Art museum in Alberta, Canada

Leighton Art Centre (LAC) is a non-profit public art gallery, museum and education centre near the hamlet of Millarville, Alberta, south of Calgary that was established in 1974. The gallery and museum building were designed as his family's residence by Alfred Crocker Leighton, who was a member of the Royal Society of British Artists (RBA). His widow, Barbara Leighton, first established the gallery to showcase A. C. Leighton's artwork. In 1974, she incorporated the Leighton Foundation to operate the gallery and museum to exhibit his work along with other Albertan artists. The centre was designated as a Provincial Historic Resource on 7 May 2009.

==Overview==
The gallery and museum are located on property that had been purchased by Alfred Crocker Leighton, who was a member of the Royal Society of British Artists (RBA) and had established the Alberta Society of Artists. Leighton was born in 1901 in Hastings, Sussex and served as Art Director of the Art Institute of Calgary starting in 1929. He married one of his art students Barbara Harvey. They purchased the property near Millarville in 1952. Following Leighton's death in 1965, Barbara Leighton completed her diploma course at the Provincial Institute of Design and Technology in 1969. In 1970, she began to use part of her home to display her husband's artwork. By 2020 the property associated with the centre, spanned 80 acres of "Foothills fescue natural grasslands" overlooking the Rocky Mountains to the west.

==Leighton home==
In 1952, Alfred Crocker Leighton (27 October 1901 – 6 May 1965), a member of the Royal Society of British Artists (RBA), and his wife Barbara Mary Leighton (née Harvey) (1909–1986) purchased the property for their family residence. A. C. Leighton designed the house in a predominantly "English Country" style "in a cruciform shape with a central tower to view the magnificent landscape from any direction."
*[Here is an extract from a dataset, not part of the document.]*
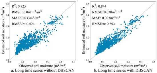 The innovation of this framework lies in its synergistic approach to handling interference from multiple surface factors. First, the core principle of the FVC segmentation correction method recognizes that the backscattering response to soil moisture exhibits nonlinear behavior with varying vegetation coverage. By employing segmented processing, we achieve accurate interpretation across different vegetation backgrounds, effectively mitigating systematic biases caused by vegetation heterogeneity, as opposed to using a single global model. Second, the introduction of the NDEVI vegetation impact correction model offers greater sensitivity to vegetation water content and biomass compared to the widely used NDVI. This enables our method to more precisely quantify and separate the volume scattering contribution from the vegetation layer, thereby reducing the dominant influence of vegetation phenological cycles on the signal. Finally, the DBSCAN anomaly detection plays a crucial role by intelligently identifying and excluding transient perturbations in surface roughness or soil moisture caused by events such as heavy rainfall, irrigation, and farming/harvesting activities, in an unsupervised manner. This process does not alter the roughness itself but ensures that the data foundation used for constructing the change detection sequence satisfies the fundamental assumption of “relatively consistent roughness” through data filtering.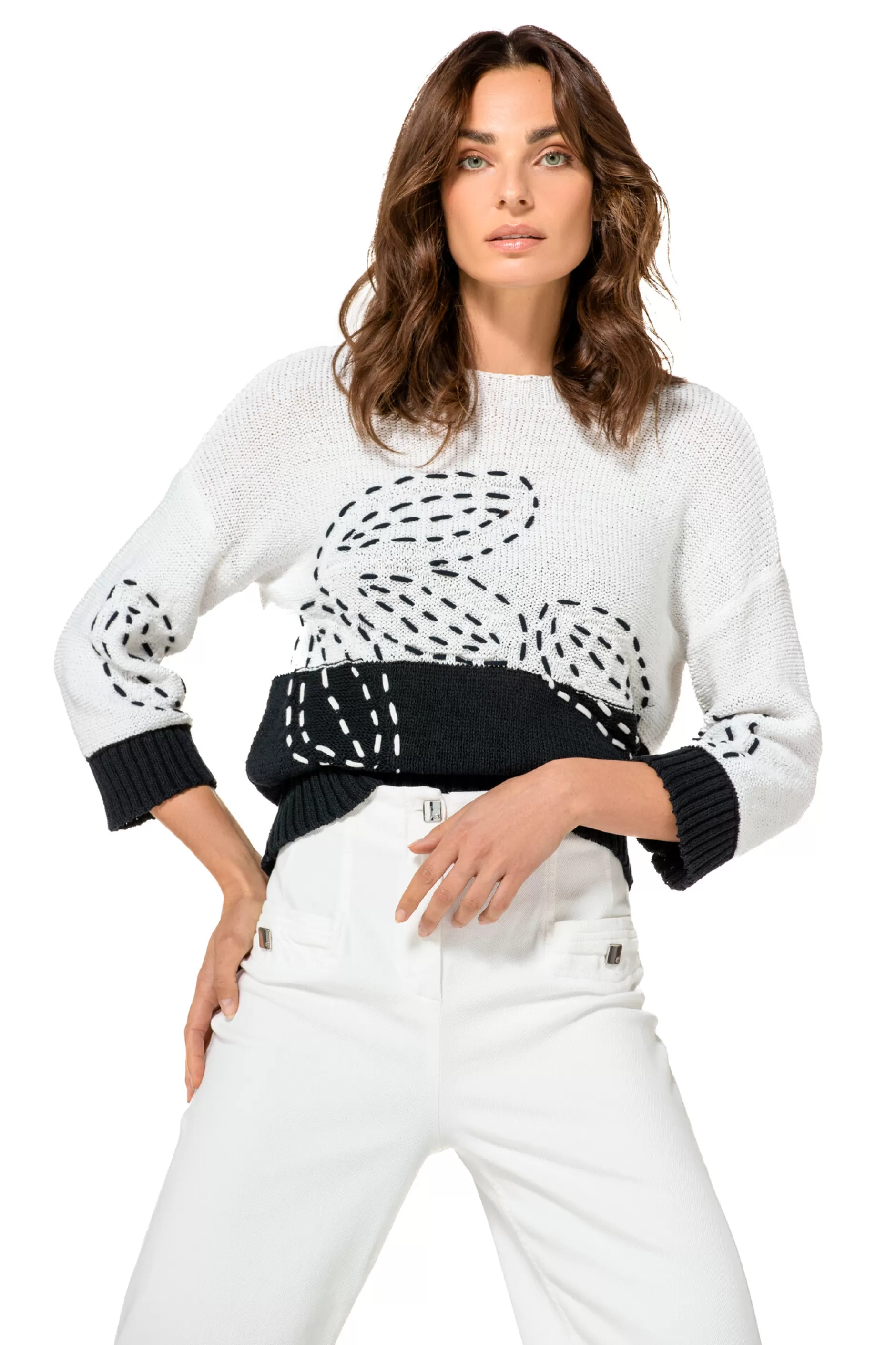 Katoenen Pull Bicolor &Nbsp;3/4 Mouw Met Mouwboord Hoge Zoomboord Brede Ronde Hals

The Leighton's named their home Ballyhamage after a one-room schoolhouse constructed in 1919, and later abandoned, that was on their property. Barbara Leighton purchased the original Ballyhamage schoolhouse, which had been abandoned. She converted it first into an art studio and later into its present use as a children's education centre. Over the years, the centre expanded in membership and size, and Barbara added two other buildings to accommodate classes in batik, copper enamelling, weaving, tie-dyeing, pottery, wood-working, print-making, jewellery-making, and silver-smithing.

==Leighton Foundation==
In 1974, Barbara Leighton turned her home into a gallery to showcase the work of A. C. Leighton as well as works by other Alberta artists such as Stan Perrott, Barbara Ballachey, Jim Nicoll, Marion Nicholl, Rick Grandmaison, Janet Mitchell, Roland Gissing, Illingworth Kerr, and sculptor Richard Roenisch. Over 150 archived items from The Leighton Art Centre and museum are featured in the Virtual Museum of Canada, which is administered by the Canadian Museum of History.

==Activities==
By 2020, the centre had 300 members and held year round educational programs as well as exhibitions of the work of contemporary artists.